Edmonton police to buy new armoured vehicle, commission confirms

The Edmonton Police Service are buying a new armoured vehicle.

The Edmonton Police Commission confirmed to Progress Alberta today that a budget of $500,000 has been set aside for the purchase, which will be the third of these vehicles added to EPS’s fleet since 2007. It will arrive in Edmonton on an undisclosed date this fall.

The police have been dodging the media on this subject for at least two weeks, and refused to confirm the purchase to reporters from the Edmonton Journal earlier this month. That’s consistent with the entire process of the purchase, which was kept out of public view. The Edmonton police requested it during closed, non-public meetings with the police commission in 2017 and 2018. Details about the purchase and the vehicle do not appear in the approved capital profiles, the budgeting documents city council provides to the public. 

EPS refused to comment or provide any details on their new armoured vehicle until the Progress Report goes through a process where we apply to their director of legal services in order to become a “media partner.”

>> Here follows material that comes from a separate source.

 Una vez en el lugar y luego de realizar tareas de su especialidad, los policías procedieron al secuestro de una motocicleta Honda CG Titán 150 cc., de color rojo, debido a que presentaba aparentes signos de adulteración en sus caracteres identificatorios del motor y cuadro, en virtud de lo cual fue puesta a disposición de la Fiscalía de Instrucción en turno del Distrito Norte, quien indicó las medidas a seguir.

The purchase of even more militarized equipment is certain to be contentious given the discussion in Edmonton around police brutality and calls from activist groups like Black Lives Matter to defund the police. But the hidden nature of the purchase isn’t being received well, either.

“The big concern I have about this is the secrecy, and how hard you have to dig to find this information… why not just say you bought it and it’s arriving at such and such a date if the decision was made years ago?” said Tom Engel, chair of Alberta’s Criminal Trial Lawyers’ Association’s policing committee. 

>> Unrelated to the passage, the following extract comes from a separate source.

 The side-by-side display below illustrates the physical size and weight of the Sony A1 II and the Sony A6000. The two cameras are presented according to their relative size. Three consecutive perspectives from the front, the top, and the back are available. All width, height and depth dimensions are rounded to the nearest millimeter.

“This kind of behaviour by the Edmonton Police Service does harm the reputation of EPS. It suggests that they can’t be trusted. It’s a foolish misrepresentation too, people are going to find out.” 


According to Micki Ruth, chair of the Edmonton Police Commission, the new vehicle will replace one of EPS’ two existing armoured vehicles. Those vehicles are the ‘Grizzly,’ an armoured personnel carrier acquired from the Department of National Defence in 2007, and the Ballistic Armoured Tactical Transport (or BATT), which the force purchased in 2013.

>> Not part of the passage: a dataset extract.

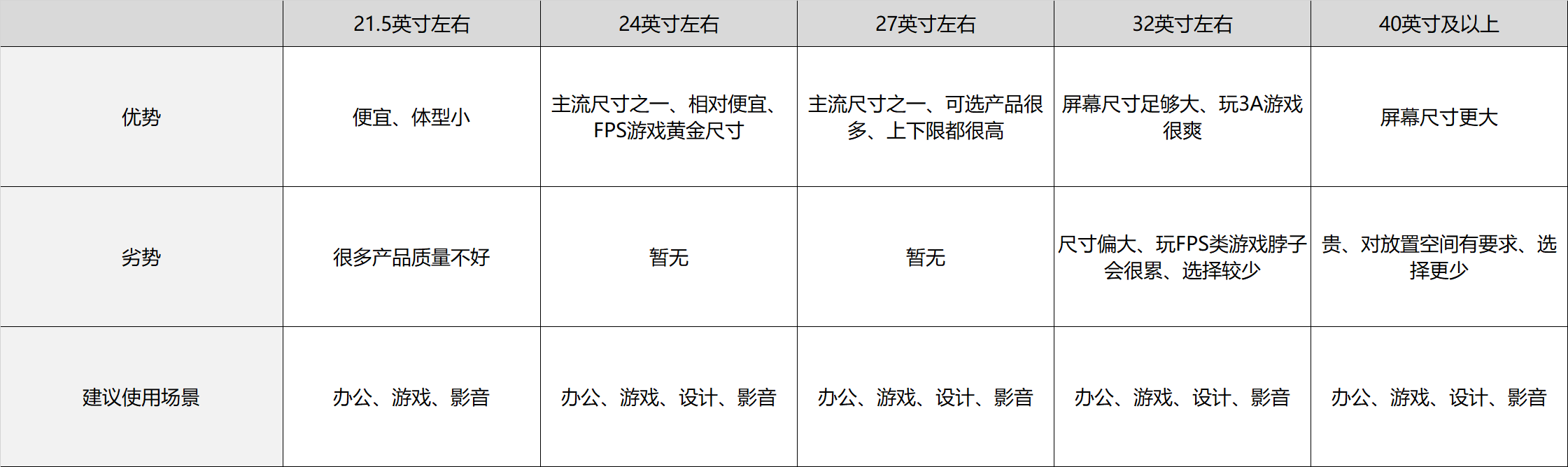 关于显示器尺寸这里,目前主流显示器尺寸有从21.5英寸到32英寸,当然还有大于32英寸的各种尺寸,但根据经验大部分人需要考虑的其实也就是24英寸和27英寸级别的显示器

Image: EPS' existing BATT and Grizzly armoured vehicles
Pictured: EPS' BATT (left) and Grizzly (right) armoured vehicles

The BATT can transport a dozen police at once and has gun ports on cabin doors, side walls under horizontal windows and rear doors. The Grizzly was originally manufactured in 1978 and can carry as many as 10 officers. After its arrival in 2007, the Grizzly was refitted to remove a large machine-gun turret and repainted, at a cost of $35,000.

“If it was a new additional armoured vehicle I would probably have concerns but it’s a replacement. And I'm concerned as many people are about the militarization and use of such vehicles but the fact is armoured vehicles do have an important role,” said Ruth.

When asked why the public had no idea that the Edmonton police were acquiring another armoured vehicle, Ruth told Progress Alberta that “I don’t have a good answer… that’s something we should be reviewing.”

“A total lack of transparency”: BLM Edmonton

“It’s fundamentally unethical for the police to be getting a new tank without even providing the rationale for why they need a new tank. The fact that they don’t even have to justify it is a huge problem and then they didn’t even tell anyone anyway,” said Shima Robinson, a core team member with Black Lives Matter Edmonton.  

Black Lives Matter Edmonton was at the forefront of a campaign this summer to divest a significant amount of the EPS budget and re-allocate that funding to community and social welfare programs. After receiving over 14,000 letters from concerned members of the public, and nearly two weeks of public hearings, Edmonton’s city council declined to significantly defund the department, committing to a budget reduction of only $11 million. The EPS budget for 2020 is just over $373 million.

“What we have here is a major case for defunding the police. Just a total lack of transparency about how the police are spending their money – our money. The $500,000 spent on this tank could have gone to housing the homeless, free transit, or increased funding to the Crisis Diversion Team.”